Anolis bimaculatus, the panther anole, also known as the St. Eustatius anole or Statia Bank tree anole, is a species of anole lizard that is endemic to the Lesser Antilles in the Caribbean. It is found in Sint Eustatius and Saint Kitts and Nevis islands. It was first described by Anders Erikson Sparrman in 1784 based on a holotype from Sint Eustatius held at the Naturhistoriska riksmuseet.

== Taxonomy ==
Anolis bimaculatus was first formally described by Anders Erikson Sparrman in 1784 as Lacerta bimaculata from Sint Eustatius based on a holotype held at the Naturhistoriska riksmuseet (NRM) at Stockholm. The species was subsequently placed in the genera Cordylus by Friedrich Albrecht Anton Meyer in 1795, and Xiphosurus (1826), and Ctenonotus (1843) by Leopold Fitzinger. Paul Johannes Brühl described as Ctenodon bimaculatum in 1886. Thomas Barbour was the first to place it under the genera Anolis, when he described it as Anolis antiquae. Subsequently, it had developed various synonyms such as Anolis mayeri and Anolis barbudensis. Ernest Edward Williams and Garth Underwood described it as Anolis bimaculatus in 1959. Though it was re-classified under different synonyms later, it was finally described under the same name in 2022. The species is currently placed in the family Anolidae under the order Squamata.

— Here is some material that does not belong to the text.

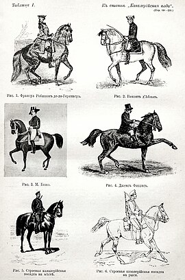 Пётр I заложил основы верховой езды как спортивного направления, демонстрируя свои выдающиеся навыки в седле и разработав первые рекомендации по управлению лошадью. По его инициативе в 1766 году в России состоялись первые официальные конные соревнования, где всадники показывали своё мастерство[29].

The species name bimaculatus is derived from Latin, "bi" meaning two and "maculatus" meaning spotted, referring to the two-spotted pattern of the species. The generic name Ctenonotus is derived from Greek, with "ktenos" meaning comb and "notos" meaning back, an allusion to the large crest in males of the type. It is commonly known as the panther anole, Statia Bank tree anole, or St. Eustatius anole.

==Description==
Males reach a snout-to-vent length of 123 mm, with the colorization depending on size. Larger males have a bright green to yellow-green coat, with grey, brown, or black spots on the top, with a dull white to yellow to light green skin on the ventral side. The dewlap is small with yellow or orange colorization with whitish scales. Females and juvenile males are smaller and duller in color than adult males. It has a tail length approximately 2.0 to 2.5 times the snout-to-vent length. It has extended toe pads with lamellae to help the animal grip on to surfaces.

==Distribution==
The anole is endemic to the Lesser Antilles in the Caribbean, and occurs on the islands of Sint Eustatius and Saint Kitts and Nevis. It is relatively common and widespread up to an elevation of 300 m in the islands.

==Ecology and behaviour==
The anole is a diurnal and arboreal species. It is non-venomous and usually consumes insects, which it subdues by mechanically striking it. It has a well developed color-sensitive eyesight that helps in tracking prey. It also uses its eyes along with movements to its head and dewlap, to communicate with other members of its species. It is oviparous, and has been noted to interbreed with other species of the genus such as Anolis leachi in captivity.